WORK TASK.
An exact copy of the data is required; the images should not appear in it.

DATA SEGMENT.
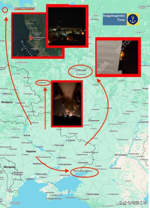 俄罗斯列宁格勒州州长德罗兹登科表示,无人机袭击了俄罗斯最大的石油港口,普里莫尔斯克港口被命中,其中一艘船只起火,港口的灭火系统已启动,火势被控制。位于俄罗斯斯摩棱斯克的卢克石油公司油库,以及卢甘斯克地区的一个俄军无人机仓库,遭到猛烈袭击。莫斯科附近和罗斯托夫地区也发生了爆炸。俄罗斯首都市长索比亚宁报告称,当晚有九架乌克兰军队发射的自杀式无人机、巡航导弹,在接近莫斯科时被击落。
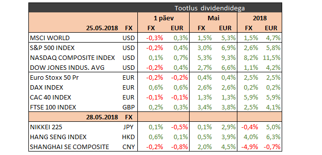 Ühendriikide aktsiaturu indeksid jäid pikema nädalavatuse eel tagasihoidliku käibe juures valdavalt punasesse (S&P 500 -0,2%), andes ära osa nädala võidust (S&P 500 0,3%). Nasdaq kerkis teistest indeksitest esile, saavutades viie tööpäeva lõikes 1,1% tootluse. Dollar lõpetas kolmandat nädalat kõrgemal, mis oli pikim võiduseeria rohkem kui kolme aasta jooksul ning tähendas EUR/USDi puhul sulgumist 1,1651 dollaril. Toornafta langus ja poliitiline risk survestasid Euroopa aktsiaid, seda eeskätt Itaalias, mille börsiindeks kukkus nädalaga -4,5%.
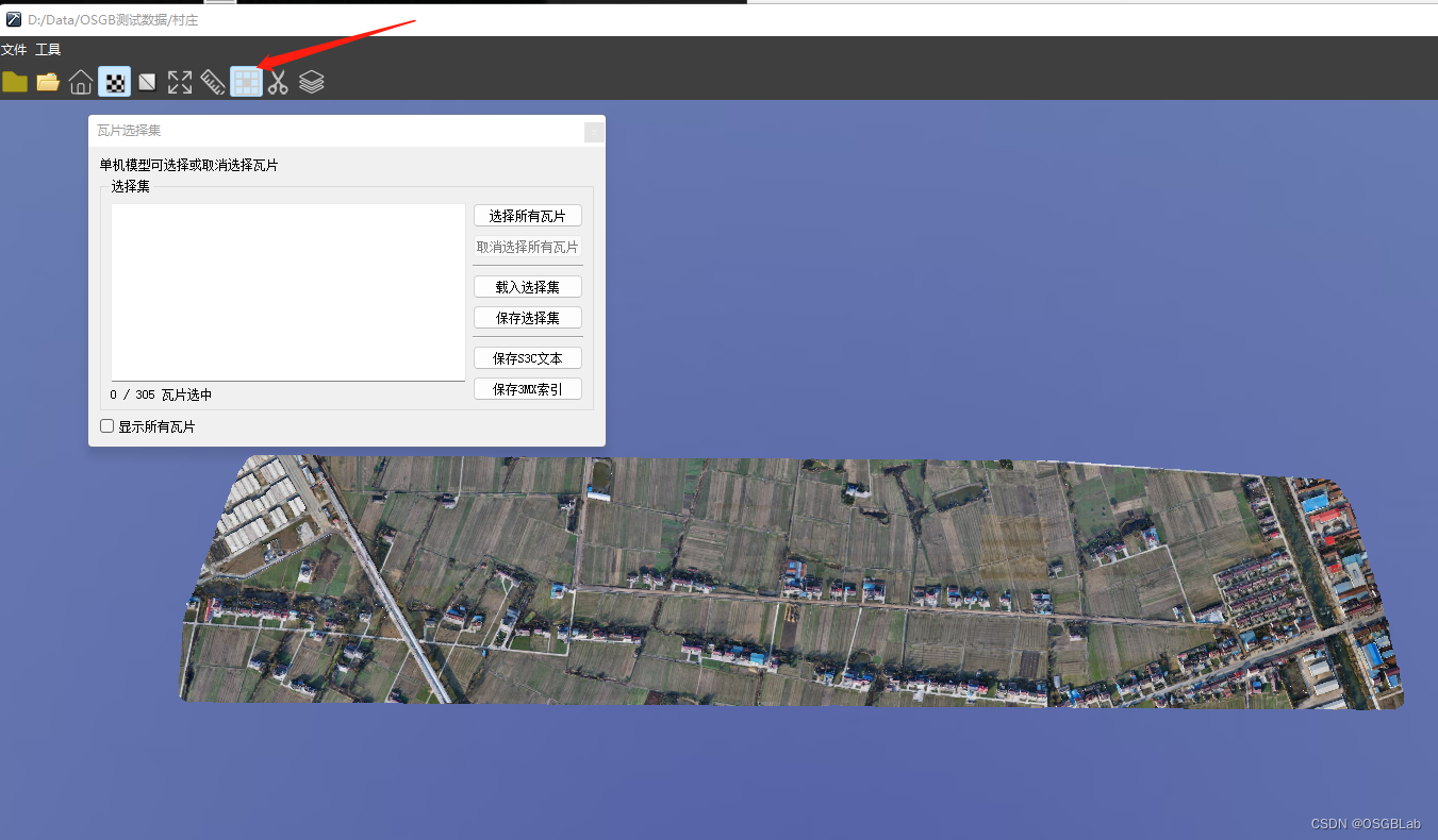 3 在三维浏览界面中点击“瓦块选择“按钮后,弹出瓦块选择界面,然后选择需要的瓦块,如果所有瓦块都需要,点击“选择所有瓦块“。

ANSWER TO THIS TASK.
 俄罗斯列宁格勒州州长德罗兹登科表示,无人机袭击了俄罗斯最大的石油港口,普里莫尔斯克港口被命中,其中一艘船只起火,港口的灭火系统已启动,火势被控制。位于俄罗斯斯摩棱斯克的卢克石油公司油库,以及卢甘斯克地区的一个俄军无人机仓库,遭到猛烈袭击。莫斯科附近和罗斯托夫地区也发生了爆炸。俄罗斯首都市长索比亚宁报告称,当晚有九架乌克兰军队发射的自杀式无人机、巡航导弹,在接近莫斯科时被击落。
 Ühendriikide aktsiaturu indeksid jäid pikema nädalavatuse eel tagasihoidliku käibe juures valdavalt punasesse (S&P 500 -0,2%), andes ära osa nädala võidust (S&P 500 0,3%). Nasdaq kerkis teistest indeksitest esile, saavutades viie tööpäeva lõikes 1,1% tootluse. Dollar lõpetas kolmandat nädalat kõrgemal, mis oli pikim võiduseeria rohkem kui kolme aasta jooksul ning tähendas EUR/USDi puhul sulgumist 1,1651 dollaril. Toornafta langus ja poliitiline risk survestasid Euroopa aktsiaid, seda eeskätt Itaalias, mille börsiindeks kukkus nädalaga -4,5%.
 3 在三维浏览界面中点击“瓦块选择“按钮后,弹出瓦块选择界面,然后选择需要的瓦块,如果所有瓦块都需要,点击“选择所有瓦块“。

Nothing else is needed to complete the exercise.